WHAT IS BEING ASKED
Please give the whole listing again exactly, without any of its pictures.

INPUT DATA
◇ ◇ ◇ ◇

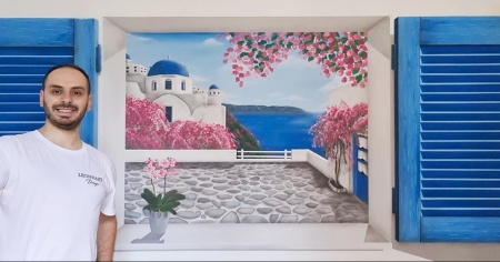 Alfio è un talento dei giorni nostri, che non limita la sua tela ad un banale dipinto ma sceglie come base per i suoi capolavori le mura domestiche, le cucine, i bagni, gli armadi a muro; qualsiasi superficie può essere abbellita dalle sue preziose capacità.
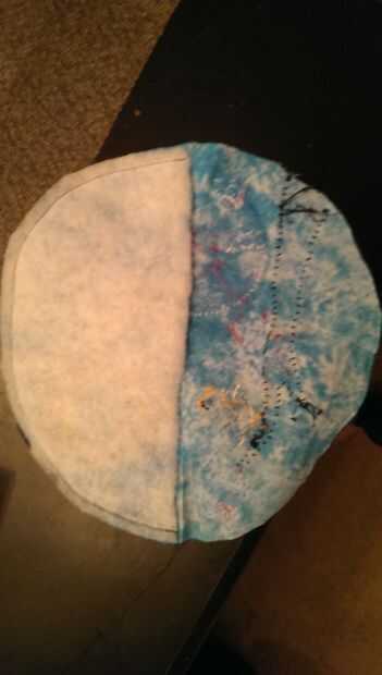 - Lugar la noche círculo derecho hacia arriba sobre una superficie plana. Luego coloque el lado derecho día círculo hacia abajo en la parte superior del círculo de la noche (lados del derecho juntos), con la parte inferior del círculo día reunión la parte superior del círculo de la noche. En otras palabras, los dos paneles deben ser derecho lados juntos, pero boca abajo unos de otros. Finalmente, ponen su medio círculo de paño grueso y suave fusible sobre la mitad superior del panel del día (la mitad con el sol). Prender alrededor de los bordes para mantener todo en su lugar, y luego coser el borde exterior de la mitad de la lana, dejando un margen de costura de 1/4". No coser la otra mitad. Gire a la derecha hacia fuera y al fusionar las tres capas.
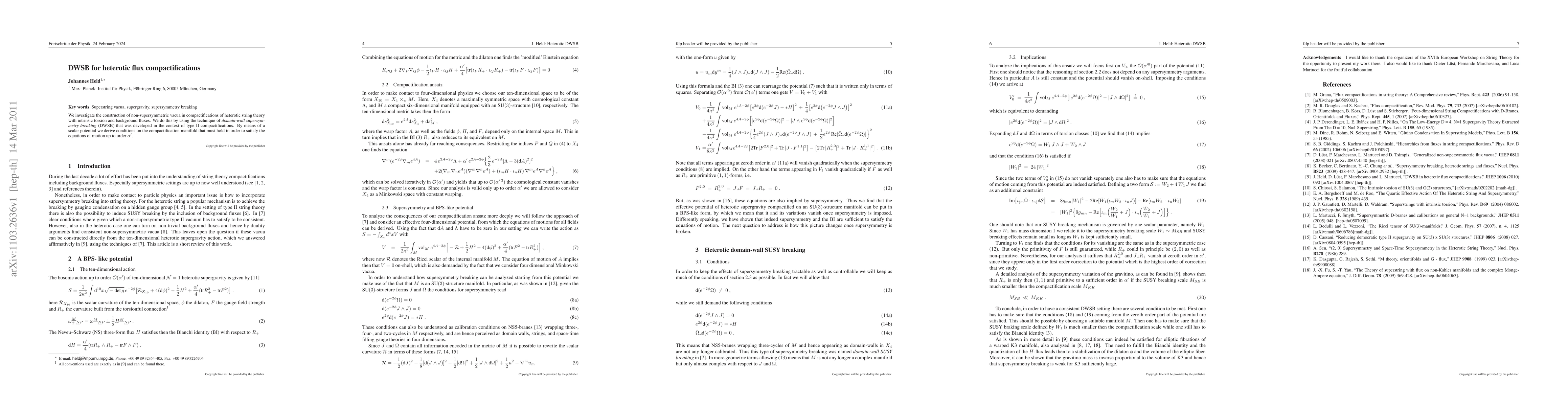 This paper explores the creation of non-supersymmetric vacua in heterotic string theory compactifications involving intrinsic torsion and background fluxes, employing domain-wall supersymmetry breaking (DWSB). It derives conditions on the compactification manifold necessary to satisfy the equations of motion to first-order in alpha'.

◇ ◇ ◇ ◇

SOLUTION TO THE PROBLEM
 Alfio è un talento dei giorni nostri, che non limita la sua tela ad un banale dipinto ma sceglie come base per i suoi capolavori le mura domestiche, le cucine, i bagni, gli armadi a muro; qualsiasi superficie può essere abbellita dalle sue preziose capacità.
 - Lugar la noche círculo derecho hacia arriba sobre una superficie plana. Luego coloque el lado derecho día círculo hacia abajo en la parte superior del círculo de la noche (lados del derecho juntos), con la parte inferior del círculo día reunión la parte superior del círculo de la noche. En otras palabras, los dos paneles deben ser derecho lados juntos, pero boca abajo unos de otros. Finalmente, ponen su medio círculo de paño grueso y suave fusible sobre la mitad superior del panel del día (la mitad con el sol). Prender alrededor de los bordes para mantener todo en su lugar, y luego coser el borde exterior de la mitad de la lana, dejando un margen de costura de 1/4". No coser la otra mitad. Gire a la derecha hacia fuera y al fusionar las tres capas.
 This paper explores the creation of non-supersymmetric vacua in heterotic string theory compactifications involving intrinsic torsion and background fluxes, employing domain-wall supersymmetry breaking (DWSB). It derives conditions on the compactification manifold necessary to satisfy the equations of motion to first-order in alpha'.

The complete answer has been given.